* **ABOUT THIS TASK**:
In the entries below, which lines run from the one with "Make a statement" through the one with "1、操控刀具在跑道上移動(d"? Repeat exactly those, both included, and no pictures.

* **DATA FOR THIS EXERCISE**:
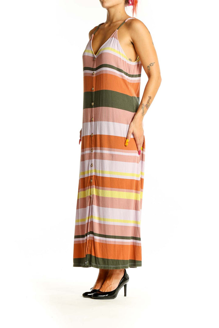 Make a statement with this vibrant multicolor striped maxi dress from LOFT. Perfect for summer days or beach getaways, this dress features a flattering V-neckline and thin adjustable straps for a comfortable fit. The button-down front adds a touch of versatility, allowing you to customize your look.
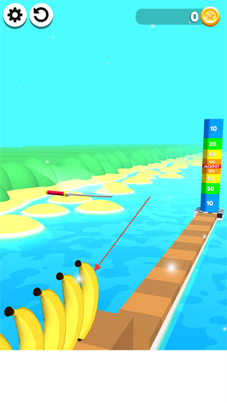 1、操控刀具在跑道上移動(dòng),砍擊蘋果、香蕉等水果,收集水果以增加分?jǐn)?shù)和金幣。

* * *

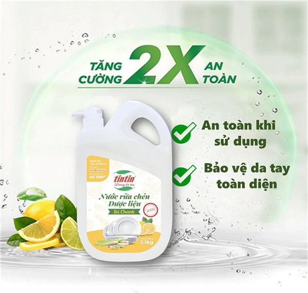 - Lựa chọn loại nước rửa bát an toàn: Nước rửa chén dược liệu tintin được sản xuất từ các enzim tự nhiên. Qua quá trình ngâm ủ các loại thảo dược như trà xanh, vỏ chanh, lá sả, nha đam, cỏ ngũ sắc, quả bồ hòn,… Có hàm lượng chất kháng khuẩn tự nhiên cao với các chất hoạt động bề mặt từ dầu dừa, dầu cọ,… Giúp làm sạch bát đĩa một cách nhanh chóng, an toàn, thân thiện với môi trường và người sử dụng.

--

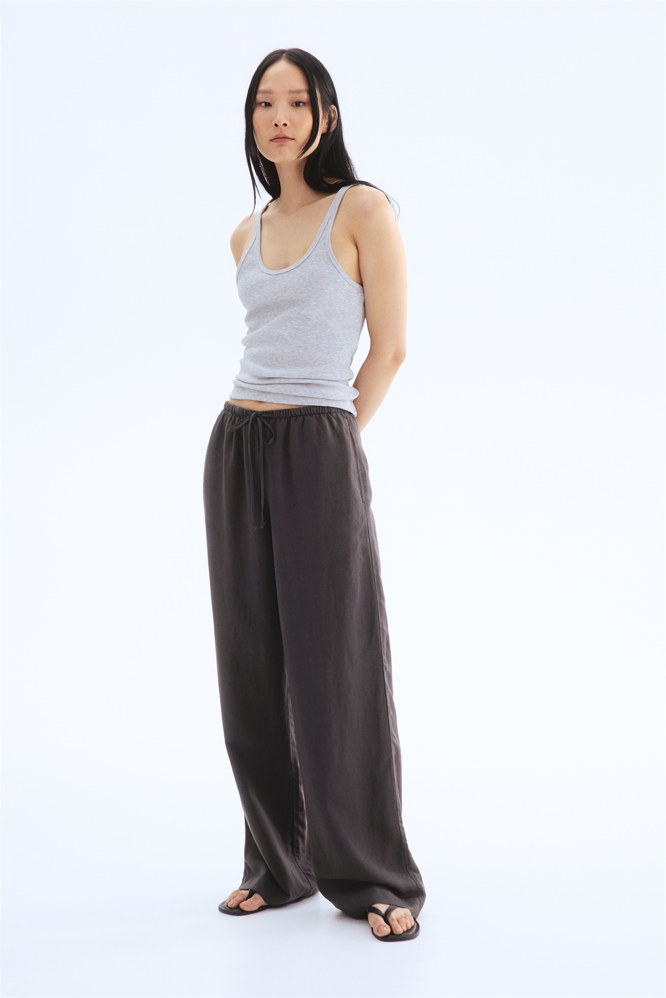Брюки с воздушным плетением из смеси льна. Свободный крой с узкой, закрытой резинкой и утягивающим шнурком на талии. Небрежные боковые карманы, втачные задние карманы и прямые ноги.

* **SOLUTION**:
 Make a statement with this vibrant multicolor striped maxi dress from LOFT. Perfect for summer days or beach getaways, this dress features a flattering V-neckline and thin adjustable straps for a comfortable fit. The button-down front adds a touch of versatility, allowing you to customize your look.
 1、操控刀具在跑道上移動(dòng),砍擊蘋果、香蕉等水果,收集水果以增加分?jǐn)?shù)和金幣。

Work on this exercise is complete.